技術コンテストや大会と言うのは、技術を発展させるため・若手技術者を育成するために、多くの分野で行われています。もちろん、ロボット分野でも多く開催されています。
例として、いくつか上げてみると、
- アイデア対決・全国高等専門学校ロボットコンテスト
高専ロボコンの愛称で、NHKで放映される人気のロボットコンテストで、毎年異なる課題に対して、アイデアを駆使、競技を通じてその成果を競うものです。 - 全日本マイクロマウス大会
マイクロマウス競技はロボットに迷路を通過させてその知能と速度を競う競技です。このロボットをマイクロマウスといいます。 - 全日本ロボット相撲大会
ロボット力士を技術とアイデアで競わせる競技です。この大会らしく全日本大会は両国国技館で開催されています。 - Intelligent Ground Vehicle Competition (IGVC)
主にアメリカで開催されている自律移動車両の大会で、参加大学はアメリカ、カナダ、日本、台湾、中国、インドなどのチームです。
このほかにも国内外問わず、たくさんのロボットのコンテストが開かれています。
私たちが参加したつくばチャレンジは茨城県つくば市の市街地で行われる技術チャレンジです。人間とロボットが共存する社会の実現のために、先端技術への挑戦を行うことを課題としています。参加チームは、車いす程度の大きさの移動ロボットを製作し、市街地1km+αを走行させます。屋外の市街地を走行させるため、主に歩道部分や、横断歩道、公園の遊歩道、ビルやショッピングモールの内部など、人間・車が通行する場所を、ロボット自身が外部の環境を認識しつつ、その振る舞い方を決めて走行する(自動走行・自律走行)のが特徴です。

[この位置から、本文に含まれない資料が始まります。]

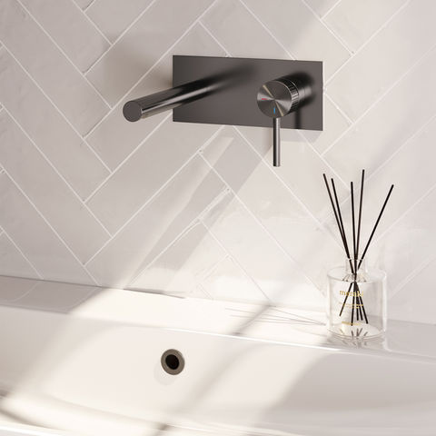Offerte aanvraag voor Brauer Stripe inbouw wastafelmengkraan met rechte uitloop en afdekplaat model A1 gunmetal geborsteld PVD | Geborsteld gunmetal PVD | I-uitloop | Met achterplaat | Rechts

2018年は、6〜11月に10回の実験走行、11月に本走行、各チームが開発で得た成果をシンポジウムで発表、全国から大学研究室チーム中心で個人参加も含め63チーム・75台が参加しました。私たちは「産業技術大学院大学チーム大久保」というチーム名で、「産技大1号」というロボットを参加させました。本走行での結果は、スタート地点で既定時間内にスタートさせる事ができず、残念ながらDo Not Startと言う結果でした。しかしながら、本走行後の検証では20m程度走行でき、また3ヶ月という超短期間のスケジュールで移動ロボットを形にする事が出来たこと、来年に向けて技術と経験が蓄積できたこと、何よりロボット技術への高い意欲を獲得することができたと思っています。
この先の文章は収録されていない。